This build is was my most ambitious to date. The frame, suspension, lighting, handlebars, fuel tank, containers, wiring, and aesthetic pieces are all hand made from raw, scrap and salvage materials. The only truly 'Heist' parts that are retained are the wheels and engine/electrics. The donor Heist was in bad-bad shape and almost free if I'd haul it off for the guy that wanted rid of it.

The frame is based on my favorite era of Indian Scouts from the 1920s. I'm not a brand loyalist, just like the Indian attention to fame design. The curved backbone, tank and swept-back triangular frame is just about perfect to me. It's got a single downtube and the motor is a stressed member of the frame. Very simple, very clean, but obviously designed to look good.

This bike is actually a collection of new project ideas that I wanted to try for future builds on larger bikes. I can't recommend this shotgun approach because it relies on alot of variables to all come together in the end to even be rideable, but I weighed the idea building separate bikes for frame, suspension, tank, stance, era etc and decided to just go for it in one build. Fortunately it all did congeal nicely and the aesthetic pulled it all together.

The leaf spring suspension was a great project all it's own. It's a simple idea, adustable and very tough- also very heavy. I iniitally had a hard time sourcing spring leaves. The smallest trailer leaves were too large and stiff. I looked into snowmobile leaves, but I couldn't get a first hand look at them since I live in a warmer climate, and they were alittle too pricey to just order and see. I found out that flat prybars are made of sping steel from one of the guys I work with that makes knives out of them. I guess that is a common thing, who knew? They were perfect and affordable -so yeah, my ride is sprung on three 15" flat prybars cut down and bundled. I went with a trailing link design with a rake angle pushed out alittle more than is probably recommended for low speed. Looks good, one of my favorite aspects of the bike. Handles very well with wide handlebars and tracks very well at speeds above 15mph.

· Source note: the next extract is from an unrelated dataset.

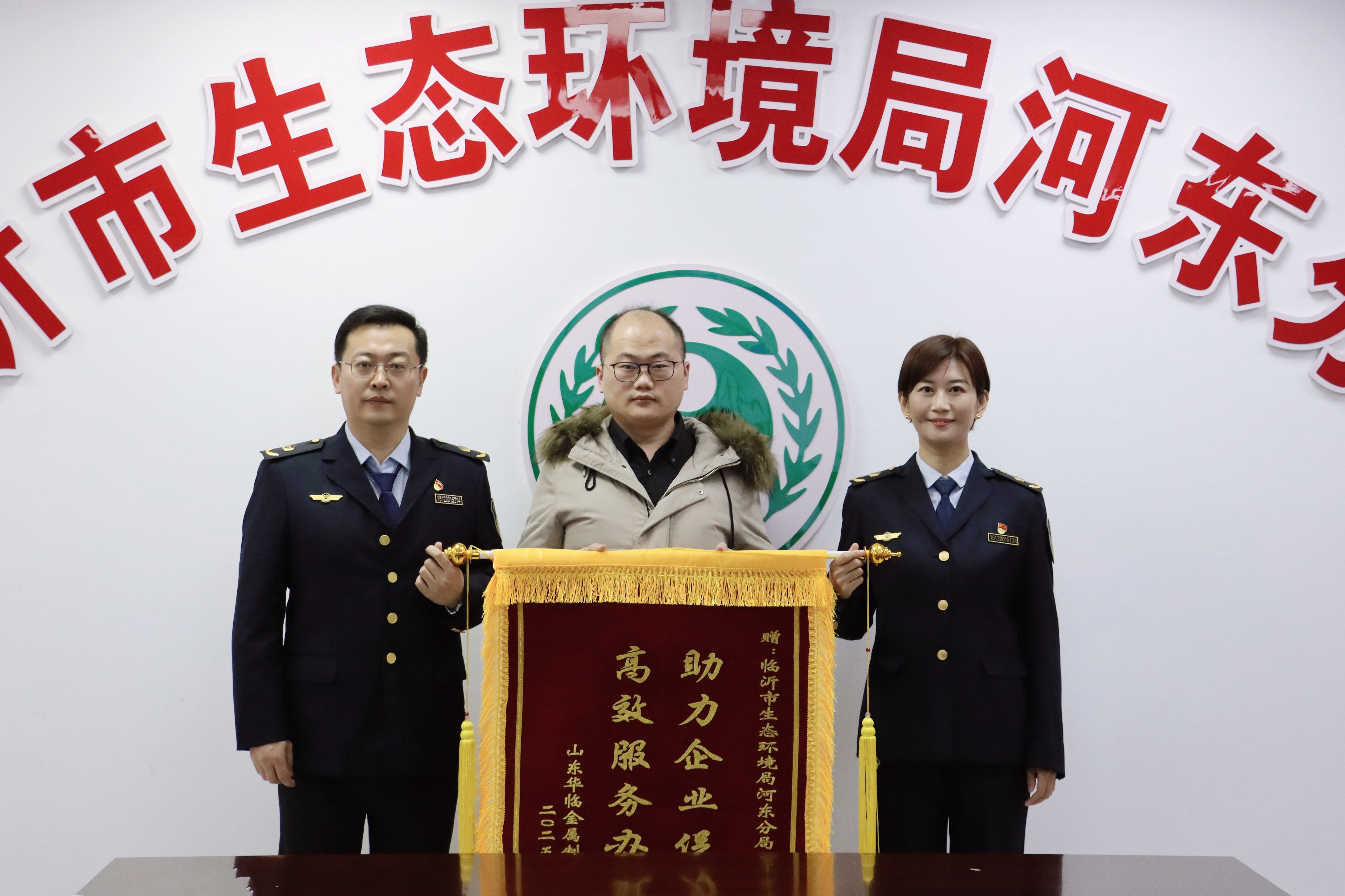 (山东华临金属制品有限公司企业经理送锦旗感谢河东分局在办理环评审批行政许可事项时,提供的高效、周到的服务。)

The frame and tank are scrap sheet and 1/8" wall tubing. I use a basic pipe bender and tubing roller. After you create a jig and establish the wheelbase you want the frame goes together fast. Maybe a day and a half. My jigs use the rims of the actual bike held in place where they will be for the build. I true them up to eachother and plumb and build the frame between them. As long as your front suspension is square, it all comes together nicely. I use a simple 220V stick welder with those nasty but effective 6011 rods. I trust the penetration and strength of my welds and rely on aesthetics to smooth over the violent look of that kind of weld bead.

I chose to go very low with the frame. I wanted the top of the backbone to be at the same height as the top of the front tire and curve down gently to the rear axle. It worked out beautifully - but - I also found that despite a relatively standard modern wheelbase, the bike overall looks smaller than I would have liked for my height and weight. A good lesson that wasn't readily apparent on paper. It does create a great handling bike though, super low center of gravity, I think I set the engine at a mere 3.5 inches off the ground, that also being the lowest part of the bike.

The 'armor plating' is a mixture of aluminum, steel and a ton of bolts. Each wheel disc was made slightly different as I made them and learned a bit with each fabrication. Ultimately I went with an all steel construction with a heavy gauge outer rim for stiffness. Weight and speed just weren't a consideration for this ride. Heavier steel also meant I could weld them together instead of actually bolting which saved alot of time and minutae. I use bead roller to run ridges around the discs for stiffness and looks. That is a great tool for anyone looking to do sheet fab.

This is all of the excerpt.